[[ Supplied data, beginning ]]

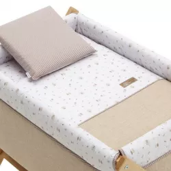 A minicama Cambrass com estrutura em forma de cruz é fabricada em madeira de faia. Permite ao bebé descansar em qualquer divisão da casa durante os primeiros meses de vida graças à mobilidade proporcionada pelas rodas (com travões). Outros aspectos que tornam esta minicama especialmente funcional são a almofada, o colchão e o estrado de madeira de 5 mm, o suporte de madeira e a sua capa cosida que inclui a colcha com enchimento amovível para lavar ou para utilizar no inverno/verão... Conforme recomendado pela regulamentação europeia (EN 1130 UNE-EN 11890:2018) e pelo decreto real 1801/2003 sobre a segurança geral dos produtos, a minicama não pode ser dobrável. De acordo com a regulamentação, este produto pode suportar bebés com peso até 14 kg
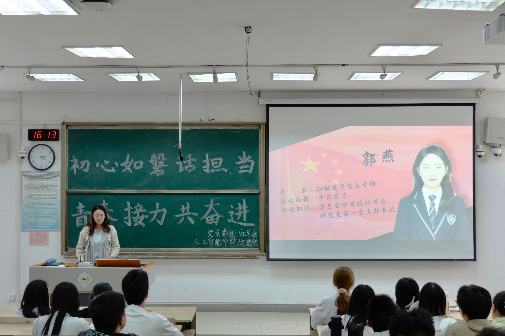 4月16日下午,人工智能学院“初心如磐话担当,青春接力共奋进”党员分享会在浦口校区汇贤楼C202顺利举办。本次活动由学院党委主办,学院分党校联合大数据本科生党支部、计科本科生党支部、电子信息本科生第一党支部、研究生第一党支部共同举办,本科生辅导员、学生党支部书记封筱、于佳琪老师,研究生第一党支部书记郭燕,党员代表王佳辰、李声宇及浦口校区团员青年参加活动。
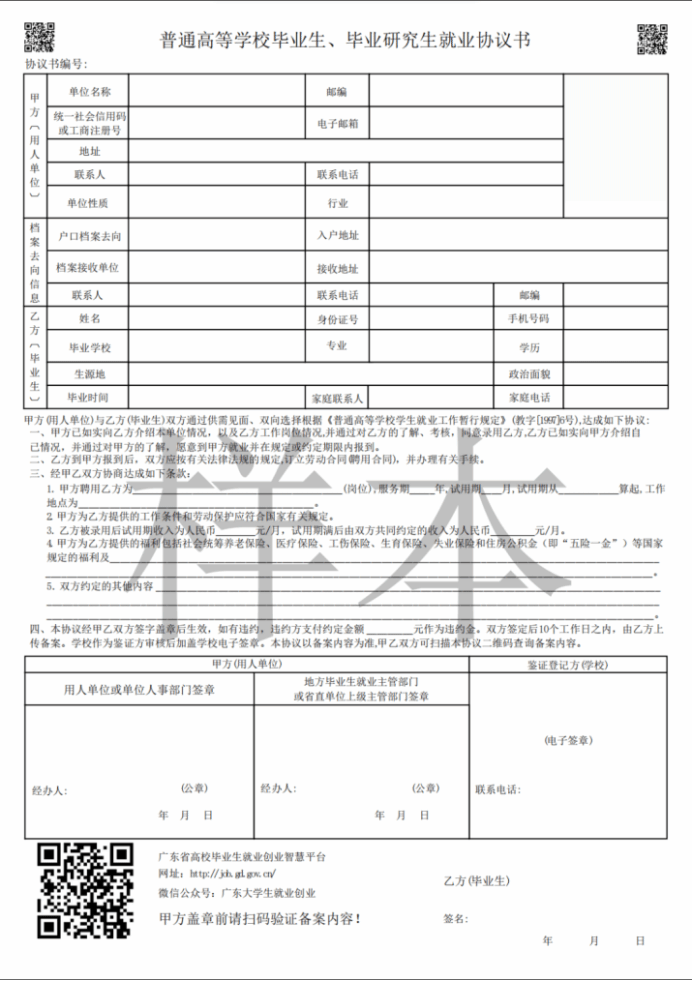 毕业生或签约单位可下载协议书PDF版文件,一般打印2份,与签约单位同时签订该协议。
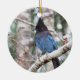 Foto do Jay de um Steller que senta-se em um ramo de árvore coberto na neve durante o inverno. O pássaro azul e preto está no perfil e é cercado por ramos com mais árvores no fundo. Esta foto da natureza de um pássaro no inverno pode ser personalizada e imprimido em muitos produtos diferentes.
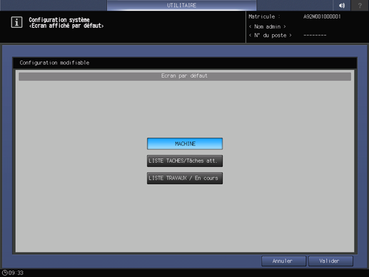Appuyez sur l'onglet Configuration système de l'écran Menu Réglage utilisateuret appuyez sur Ecran par défaut.
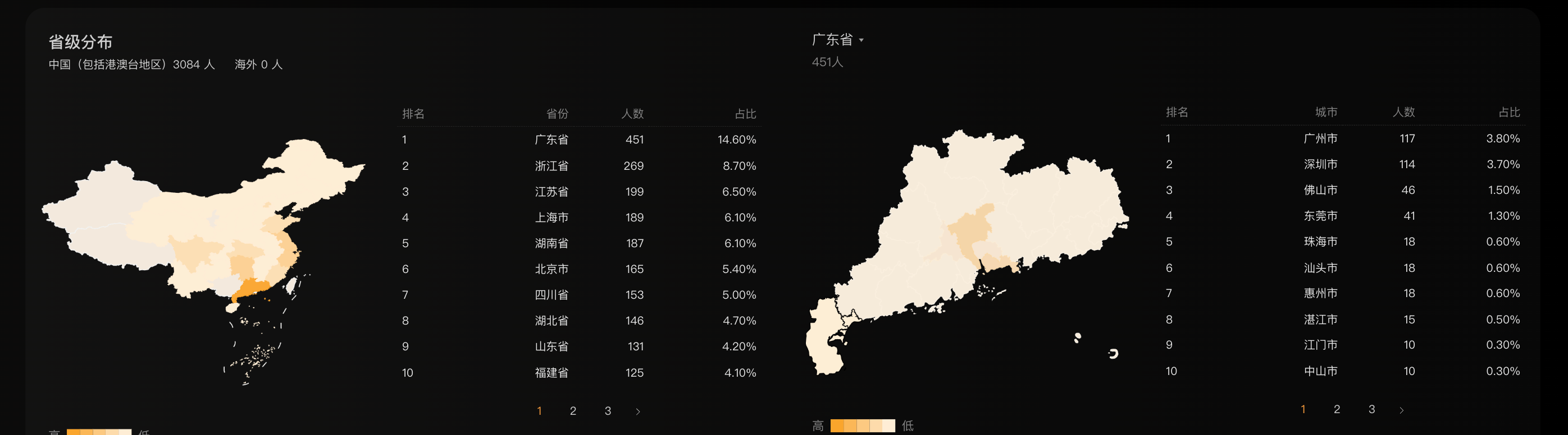 大屏支持查看直播间的在线观众画像、整场观众画像、看播粉丝画像、看播买家画像。
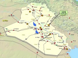 The main road to KirKush is not paved and has no markings to indicate a highway number or route number. Actually, it is probably not the main road as the convoys take various routes to confuse the enemy. About a kilometer outside of KirKush is a cement factory. The cement factory near KirKush has several smoke stacks that are black and about 50 feet high.
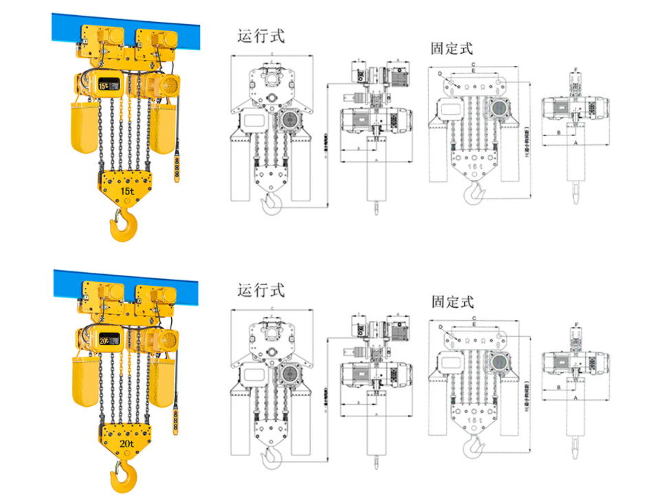 | 運(yùn)行式環(huán)鏈電動(dòng)葫蘆(7.5T-50T)尺寸參數(shù): | ||||||||
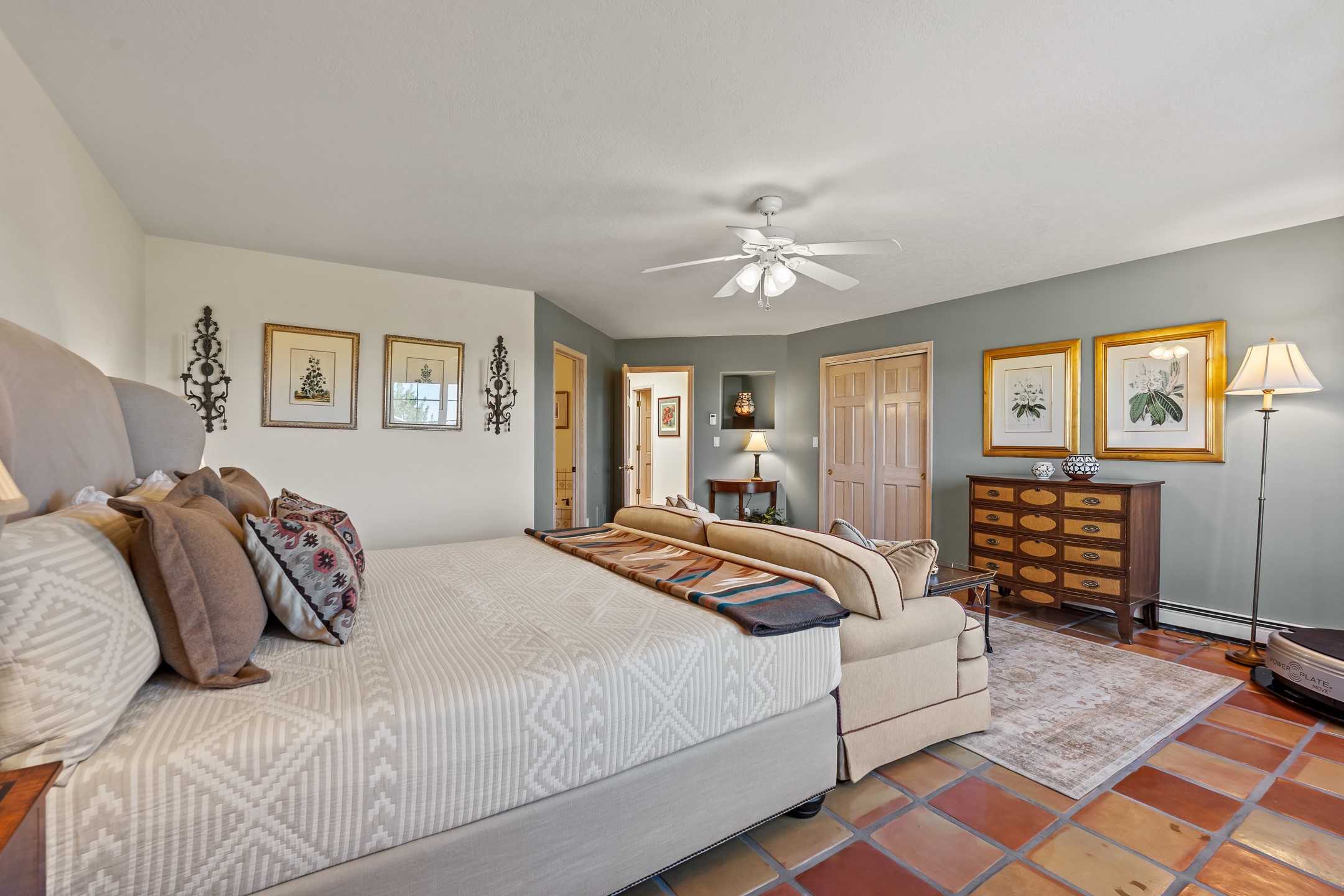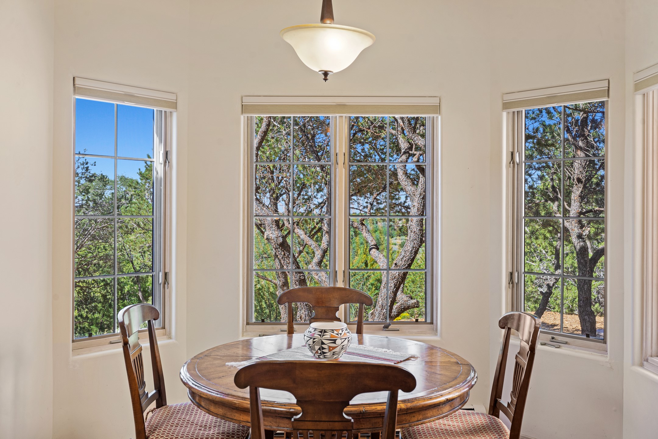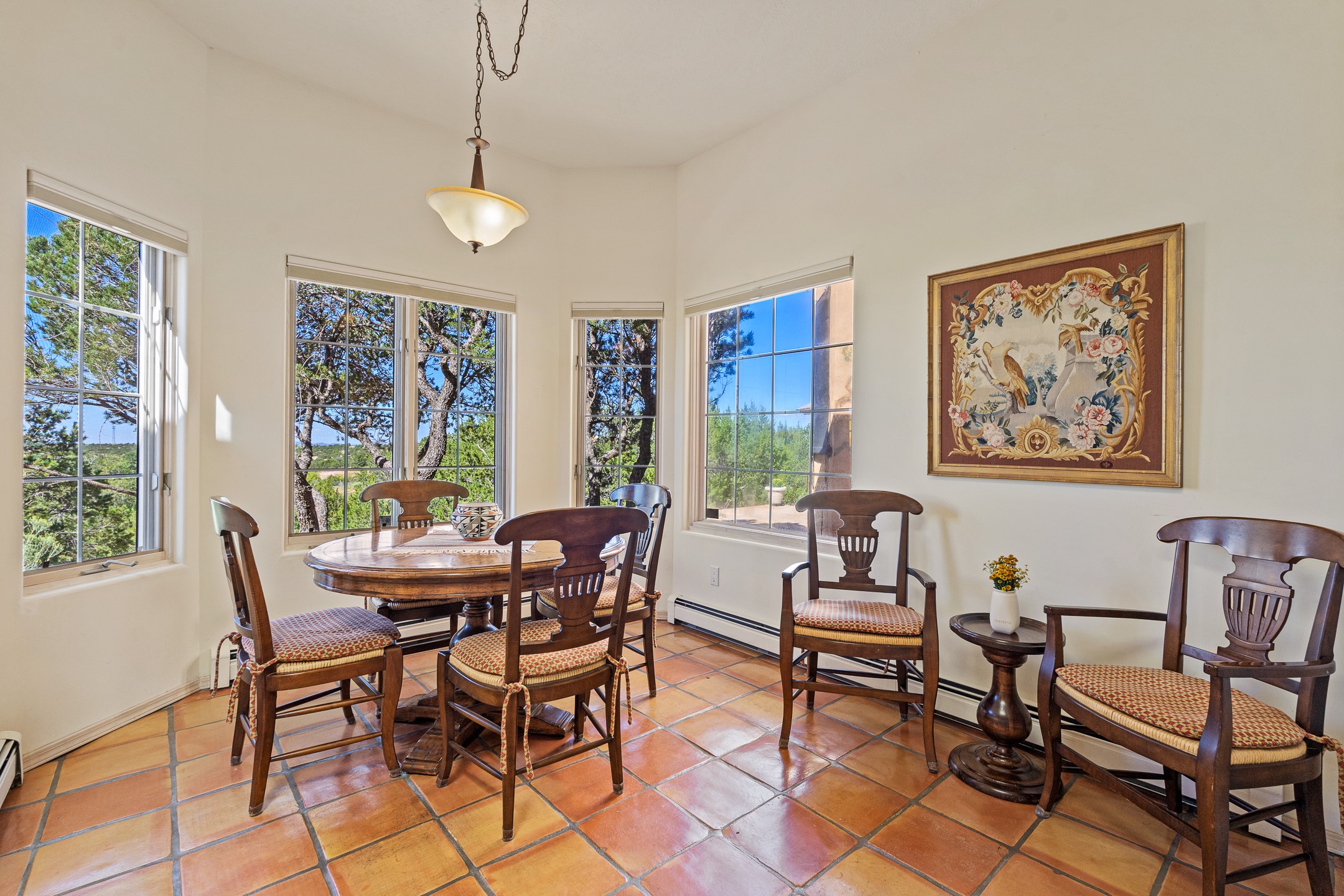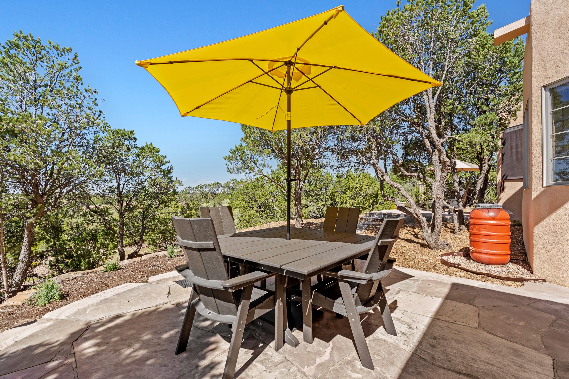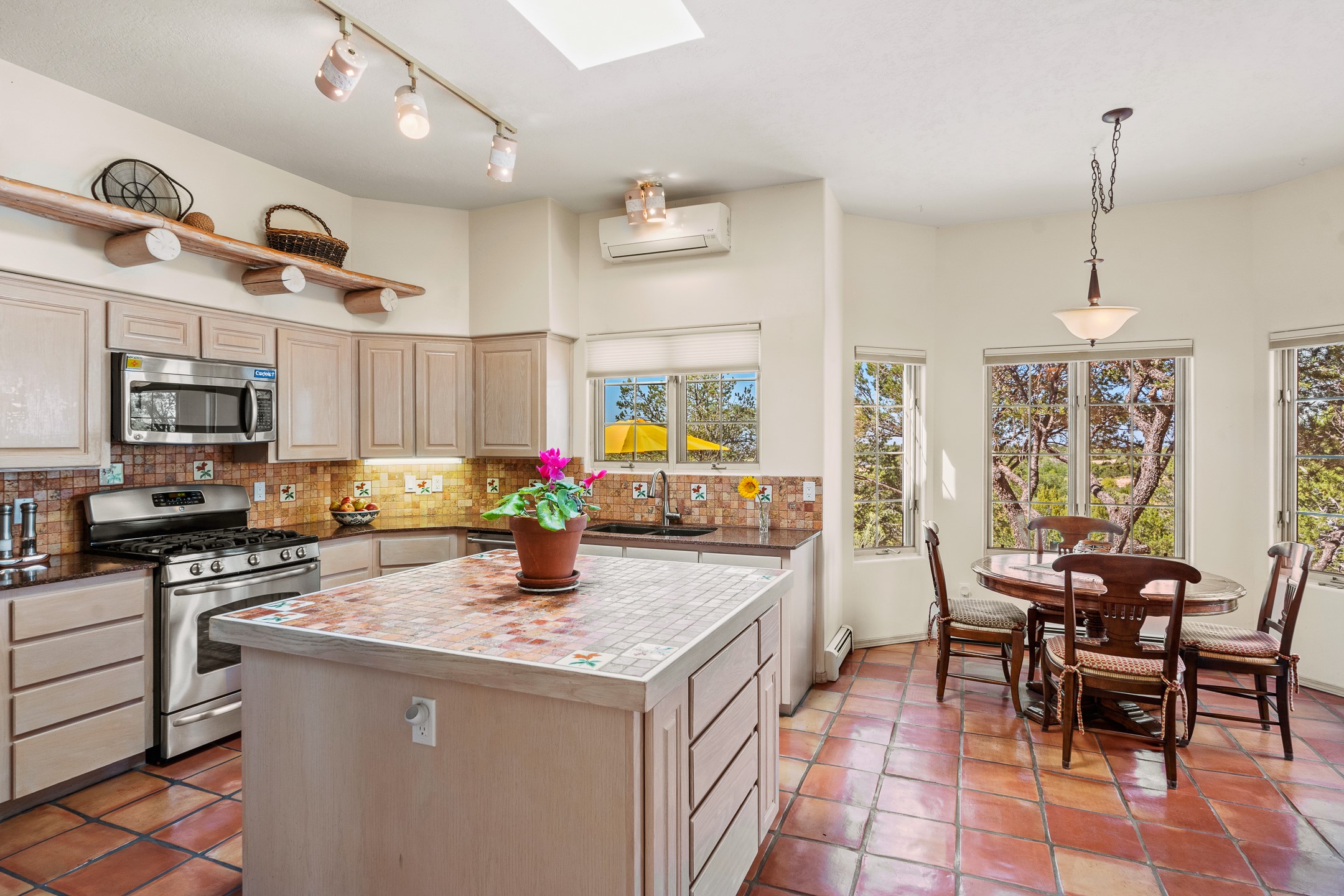 Perched above the city with beautiful Southern views of the Ortiz/Sandia and overlooking Santa Fe's beloved Ortiz Dog Park, this 2,814 sq. ft. residence offers 3 bedrooms and 3 bathrooms, including a beautifully designed, attached 1-bedroom, 1-bath guest house. The guest house has an interior connection to the home yet has its own private entrance, providing exceptional flexibility for extended family, guests, or income potential.The main living and dining area exudes Southwestern charm with high ceilings, vigas, a lovely wood-burning kiva fireplace, and French doors opening to a wraparound portal. A flagstone patio creates a magical outdoor dining setting to enjoy Santa Fe's sunsets and outdoor living. The kitchen, with its inviting breakfast nook, island, and warm regional details, is perfectly suited for both everyday living and entertaining.The spacious primary suite is a retreat of its own, with views, a luxurious bathroom featuring double vanities, a walk-in shower, and a deep soaking tub, plus an impressive walk-in closet. A guest bedroom and bath, set privately off the main hallway, complete the thoughtful floor plan.The guest house with full kitchen is accessible via an interior main house door or private exterior entrance, includes its own patio and offers endless possibilities--multi-generational living, a guest retreat, or a rental opportunity.Sited in a superior location just five minutes to downtown and ten minutes to the Plaza, this property combines views, versatility, and value in one of Santa Fe's most desirable settings. No HOA.
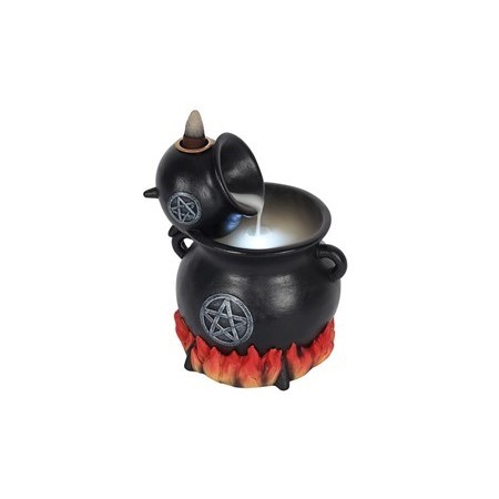 How to use: Place a backflow incense cone on top of this resin cauldron burner and watch the smoke gently pour between cauldrons. Accented by flames and a distressed silver-effect pentagram design and finished with a light to create an outstanding smoke effect. Powered by 2 AA batteries and an on/off switch.
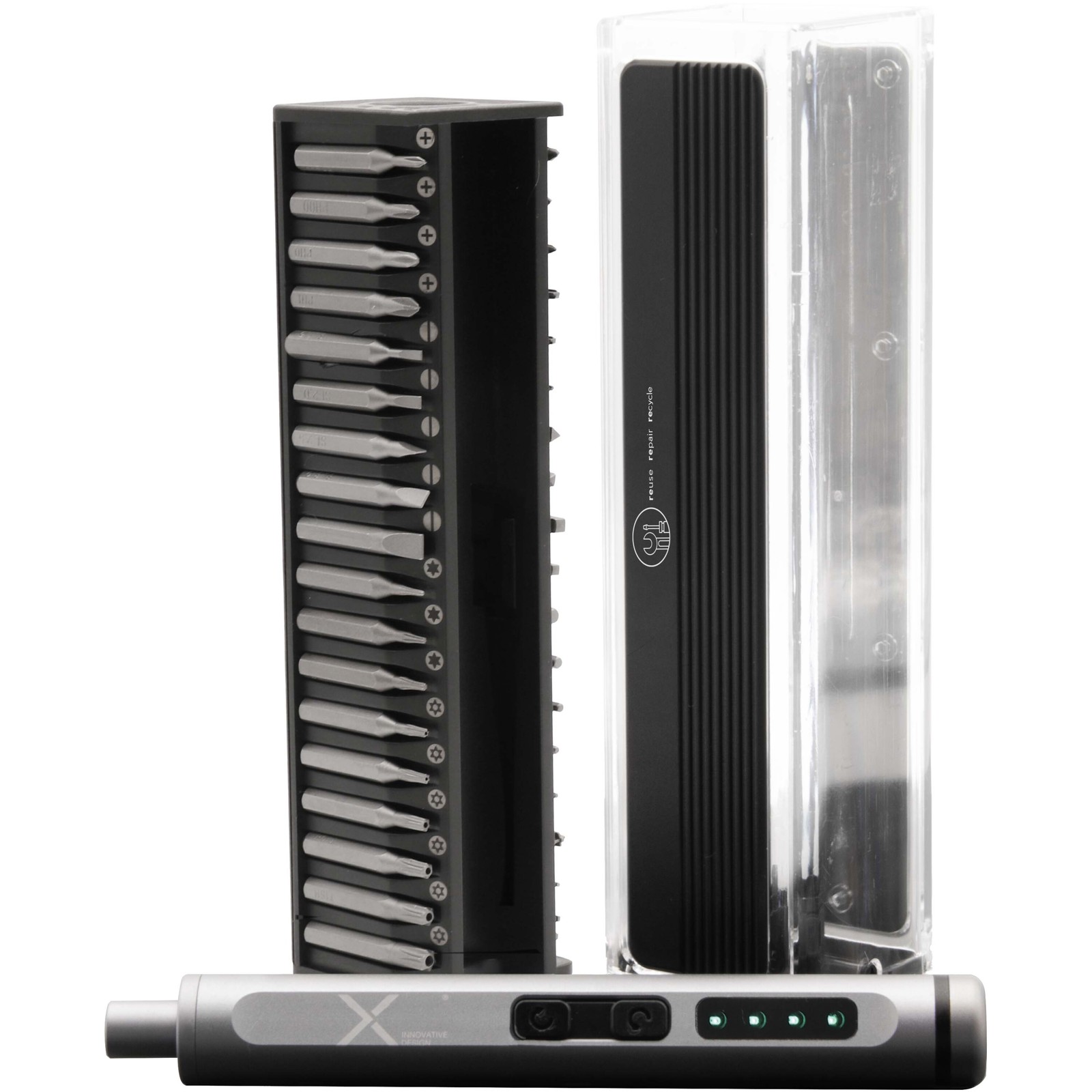 Conjunto com chave de fendas elétrica de alumínio e 40 pontas para conserto de pequenos eletrodomésticos e outras atividades de bricolage. As pontas são atraídas magneticamente para a chave de parafusos. O logótipo "REUSE REPAIR RECYCLE" está gravado na caixa de armazenamento. Entregue numa caixa de presente de cartão reciclada.

[[ Supplied data, end ]]

Your copy of the entries should be exact and free of pictures.

 A minicama Cambrass com estrutura em forma de cruz é fabricada em madeira de faia. Permite ao bebé descansar em qualquer divisão da casa durante os primeiros meses de vida graças à mobilidade proporcionada pelas rodas (com travões). Outros aspectos que tornam esta minicama especialmente funcional são a almofada, o colchão e o estrado de madeira de 5 mm, o suporte de madeira e a sua capa cosida que inclui a colcha com enchimento amovível para lavar ou para utilizar no inverno/verão... Conforme recomendado pela regulamentação europeia (EN 1130 UNE-EN 11890:2018) e pelo decreto real 1801/2003 sobre a segurança geral dos produtos, a minicama não pode ser dobrável. De acordo com a regulamentação, este produto pode suportar bebés com peso até 14 kg
 4月16日下午,人工智能学院“初心如磐话担当,青春接力共奋进”党员分享会在浦口校区汇贤楼C202顺利举办。本次活动由学院党委主办,学院分党校联合大数据本科生党支部、计科本科生党支部、电子信息本科生第一党支部、研究生第一党支部共同举办,本科生辅导员、学生党支部书记封筱、于佳琪老师,研究生第一党支部书记郭燕,党员代表王佳辰、李声宇及浦口校区团员青年参加活动。
 毕业生或签约单位可下载协议书PDF版文件,一般打印2份,与签约单位同时签订该协议。
 Foto do Jay de um Steller que senta-se em um ramo de árvore coberto na neve durante o inverno. O pássaro azul e preto está no perfil e é cercado por ramos com mais árvores no fundo. Esta foto da natureza de um pássaro no inverno pode ser personalizada e imprimido em muitos produtos diferentes.
Appuyez sur l'onglet Configuration système de l'écran Menu Réglage utilisateuret appuyez sur Ecran par défaut.
 大屏支持查看直播间的在线观众画像、整场观众画像、看播粉丝画像、看播买家画像。
 The main road to KirKush is not paved and has no markings to indicate a highway number or route number. Actually, it is probably not the main road as the convoys take various routes to confuse the enemy. About a kilometer outside of KirKush is a cement factory. The cement factory near KirKush has several smoke stacks that are black and about 50 feet high.
 | 運(yùn)行式環(huán)鏈電動(dòng)葫蘆(7.5T-50T)尺寸參數(shù): | ||||||||
 Perched above the city with beautiful Southern views of the Ortiz/Sandia and overlooking Santa Fe's beloved Ortiz Dog Park, this 2,814 sq. ft. residence offers 3 bedrooms and 3 bathrooms, including a beautifully designed, attached 1-bedroom, 1-bath guest house. The guest house has an interior connection to the home yet has its own private entrance, providing exceptional flexibility for extended family, guests, or income potential.The main living and dining area exudes Southwestern charm with high ceilings, vigas, a lovely wood-burning kiva fireplace, and French doors opening to a wraparound portal. A flagstone patio creates a magical outdoor dining setting to enjoy Santa Fe's sunsets and outdoor living. The kitchen, with its inviting breakfast nook, island, and warm regional details, is perfectly suited for both everyday living and entertaining.The spacious primary suite is a retreat of its own, with views, a luxurious bathroom featuring double vanities, a walk-in shower, and a deep soaking tub, plus an impressive walk-in closet. A guest bedroom and bath, set privately off the main hallway, complete the thoughtful floor plan.The guest house with full kitchen is accessible via an interior main house door or private exterior entrance, includes its own patio and offers endless possibilities--multi-generational living, a guest retreat, or a rental opportunity.Sited in a superior location just five minutes to downtown and ten minutes to the Plaza, this property combines views, versatility, and value in one of Santa Fe's most desirable settings. No HOA.
 How to use: Place a backflow incense cone on top of this resin cauldron burner and watch the smoke gently pour between cauldrons. Accented by flames and a distressed silver-effect pentagram design and finished with a light to create an outstanding smoke effect. Powered by 2 AA batteries and an on/off switch.
 Conjunto com chave de fendas elétrica de alumínio e 40 pontas para conserto de pequenos eletrodomésticos e outras atividades de bricolage. As pontas são atraídas magneticamente para a chave de parafusos. O logótipo "REUSE REPAIR RECYCLE" está gravado na caixa de armazenamento. Entregue numa caixa de presente de cartão reciclada.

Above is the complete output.